アヴェリアからは、父の背中が遮り子供の姿は見えない。子供がアヴェリアから隠れているのではなく、父が意図的に隠しているように見えた。
明らかにいつもの父ではない。まるで、
(私の事を舐めるように見てくる、小児性愛者みたいだ)
そこまで考えて、彼女は気分が悪くなった。自分の父に限って、そんな。
「ほぉら、挨拶しなさい。君の姉になる人だ」
「…ぁ、……あ」
父が無理矢理、子供の細い腕を掴んでアヴェリアの前につきだす。
子供は恐ろしい程に、美しかった。
「ほら、ユリシス」
「う……ぁ…」
年齢は、4、5歳くらいだろうか? 柔らかそうな黒髪に、青がかった紫の瞳、桜色の唇。

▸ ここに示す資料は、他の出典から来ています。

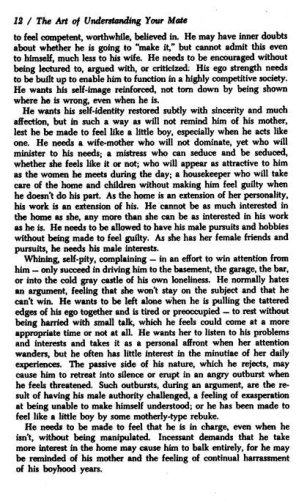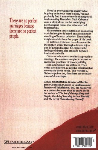 If you've ever wondered exactly what is going on in your mate's mind, you can probably find it somewhere in the pages of The Art of Understanding Your Mate. Cecil Osborne casts a clinical eye on the underlying psychological forces that drive married relationships. His common-sense outlook on counseling troubled couples is based on a solid understanding of human behavior. Illuminating insights tumble from the pages of his book. In addition, Osborne has a keen ear for the spoken word. Through a liberal injection of actual dialogue, he captures the feelings of drama and tensions between husband and wife. Osborne advocates a realistic approach to marriage. He cautions couples to expect to encounter problems of incompatibility. Men and women are different. Their needs are different, as are the emotions that accompany those needs. The wonder is, Osborne points out, that there are so many successful marriages.

どれも綺麗なのに、瞳はギョロギョロと忙しなく動き、カチカチと歯と歯があたり鳴る音に、不健康なほどに青白いその肌が台無しにしていた。が、それでも美しい。
アヴェリアは子供を見て、何処か既視感を抱いたが、直ぐに浮かんで消えた。
「……初めまして」
「………ぅ!?」
「私はアヴェリアと言います。貴方は?」
もちろん、子供の名前は父が先程言っていたので、彼女は知っているが、どうしても子供の口から聞きたかった。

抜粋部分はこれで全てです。